Financed by a rights issue

Number of shares issued = £ 11.52 m / 4.0 = 2.88 m
Total number of shares after acquisition = 10 m + 2.88 m = 12.88 m
PXP earnings before acquisition = 0.23 \times 10 m  = £ 2.30 m
VVM earnings before acquisition = 0.19 \times 3.6 m = £ 0.68 m
Increase in earnings from cost savings  = £ 0.25 m
Total earnings after acquisition  = 2.30 m + 0.68 m + 0.25 m = £ 3.23 m

The post-acquisition market value can be found by multiplying the post-acquisition earnings by the P/E ratio.
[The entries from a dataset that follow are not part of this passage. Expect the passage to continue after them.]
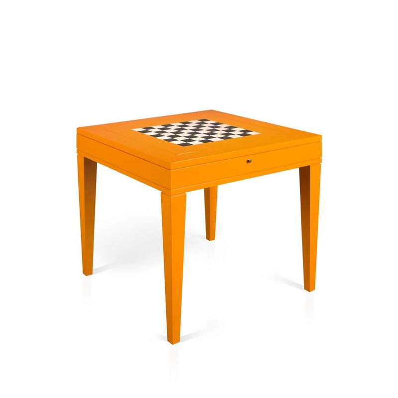 Hurtado has added the option to finish any piece in its Evolution line in any shade from the RAL color chart, with both matte and high-sheen lacquers available. The MON game table, with reversible chessboard surface, illustrates the innovation. It’s shown here in a vibrant, playful orange but is also available in more subtle hues to tailor it to any space.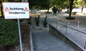 Tatsächlich, so längere Beobachtungen von unser-bogenhausen.de vor Ort, ist der Durchgang beziehungsweise die Durchfahrt möglich – wohlgemerkt möglich, wenn auch vielfach extrem schwierig. Eine junge Frau mit einem Zwillingskinderwagen rumpelte bei der Abfahrt zunächst gegen den letzten Betonblumentrog und dann streifte sie den seitlichen Sockelrand. Ein offen­sichtlich geübter Klappradl-Fahrer, der die Engstelle wohl kennt, ignorierte den Schildhinweis „Radfahrer bitte absteigen“, tippelte mit den Fußspitzern auf dem Boden und kurvte durch. Und eine Seniorin mit Rollator steuerte „elegant“ und geübt an den Hindernissen vorbei, tat sich ihren Rollator aufwärts schiebend an den Rampe allerdings sehr schwer.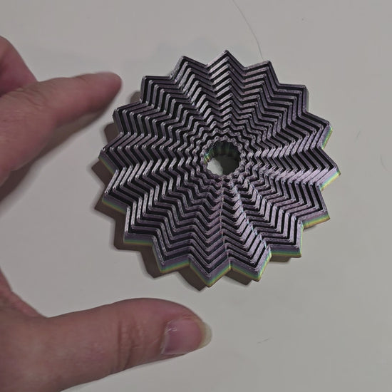 This colorful tornado fidget is a great way to relieve stress and anxiety. 3D printed with durable PLA materials, it offers a satisfying tactile experience. The multiple layers of hexagons create a unique and visually appealing design and a satisfying ASMR sound.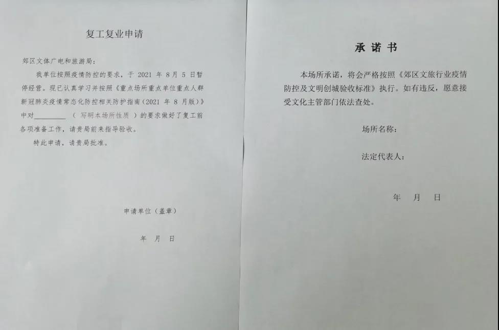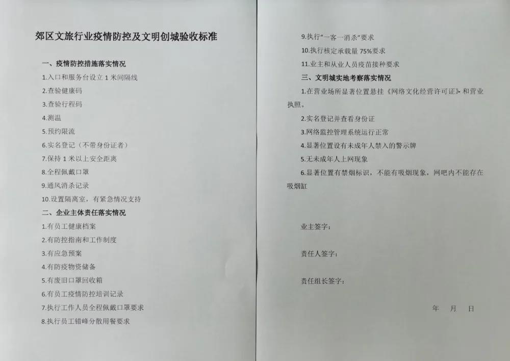 第一时间制定了《郊区文旅行业疫情防控及文明创城验收标准》《复工复产申请书》《承诺书》,并下发至文化娱乐场所业主群,要求各场所在具备3大项27条验收标情况下,方可提交《复工复产申请书》,经包保责任人及所在包保小组组长验收合格后有序开业,本着“申请一家,合格一家,验收一家”的原则,目前,全区共有29家文化体育场所提出验收申请,符合复工复产条件并验收合格的共计22家,验收合格的场所负责人签订了复工承诺书。验收检查将持续进行,文旅局全体机关干部随时待命,确保各场所有序恢复开放。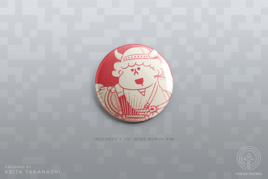 Each shirt comes with a bonus 1.25" button, about which Keita adds: "I guess the treasure was food or a sexy book."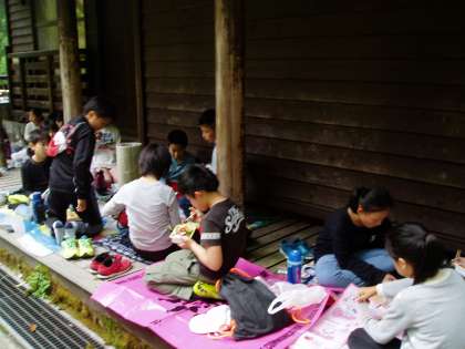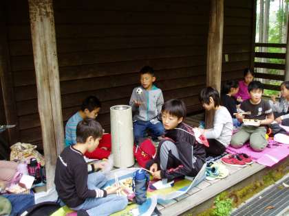 入所式を終え,バンガローの前庭でお弁当をいただきました。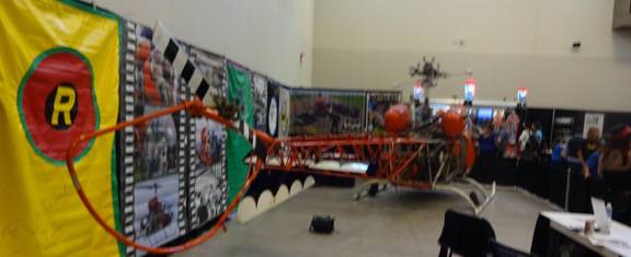 I was hoping to see one presentation on the second floor, but I couldn’t find it. I eventually went downstairs and found Mark. I went by the Bat Copter which was from the 1960s Batman series staring Adam West (who recently passed away) and photographed the helicopter.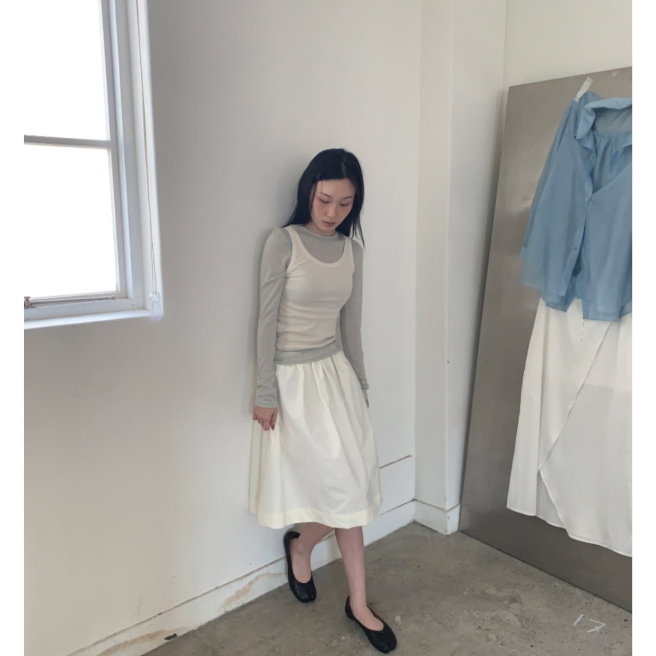 一枚で着てもインナー使いやレイヤードにも使えるトップスは今季オススメアイテム。
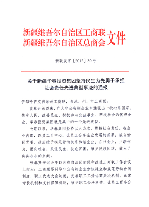 為引導全疆非公有制企業自覺履行社會責任,在保障和改善民生的實踐中發揮積極的作用,為政府分憂,為群眾解困。自治區工商聯(總商會)決定將華春投資集團堅持民生為先勇于承擔社會責任先進典型事跡通報全區工商聯。號召廣大非公有制企業和非公有制經濟人士向華春投資集團學習,自覺承擔社會責任,為保障和改善民生,為新疆的跨越式發展和長治久安做出應有的貢獻,以實際行動迎接黨的十八大召開。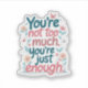 A gentle reminder in every letter — this “You’re Not Too Much. You’re Just Enough.” sticker is a soft-spoken anthem of self-love and emotional validation. Designed with a bouncy handwritten font, decorated with blooming flowers and fluttering butterflies, this sticker radiates warmth, grace, and growth. Perfect for anyone on a healing journey or looking to have something that speaks kindly to their heart. Because being fully yourself is more than okay — it’s beautiful.
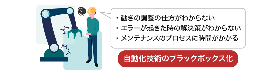 そうなることで、企業側は自動化システムの内部の仕組みが分からず、問題が発生しても自分で対応ができない、いわゆる“ブラックボックス化”してしまう問題があります。

P / E ratio before acquisition = 5.10 / 0.23 = 22 times
Post-acquisition market value = 3.23 m \times 22 = £ 71.06 m
Post-acquisition share price = 71.06 m / 12.88 m = £ 5.52 per share
The theoretical ex-rights price is (51 m + 11.52 m ) / 12.88 m = £ 4.85 per share

Since the post-acquisition share price is greater than the theoretical ex-rights price per share, the wealth of PXP shareholders has increased.

Financed by a bond issue

The number of shares remains at 10 m
Post-acquisition earnings ignoring bond interest = £ 3.23 m
Interest on bonds = 11.52 m \times 12% = £ 1.382 m
Tax saved = 1.382 m \times 0.3 = £ 0.415 m
Decrease in earnings = 1.382 m – 0.415 m = £ 0.967 m
Post-acquisition earnings = 3.23 m – 0.967 m = £ 2.263 m
Post-acquisition market value = 2.263 m \times 22 = £ 49.79 m
Post-acquisition share price = 49.79 m / 10 m = £ 4.98 per share

Since the post-acquisition share price is less than the current market price per share of £5.10, the wealth of PXP shareholders has decreased.

Conclusion
Financing by a rights issue can be recommended as it leads to an increase in the wealth of shareholders, while financing by an issue of bonds cannot be recommended.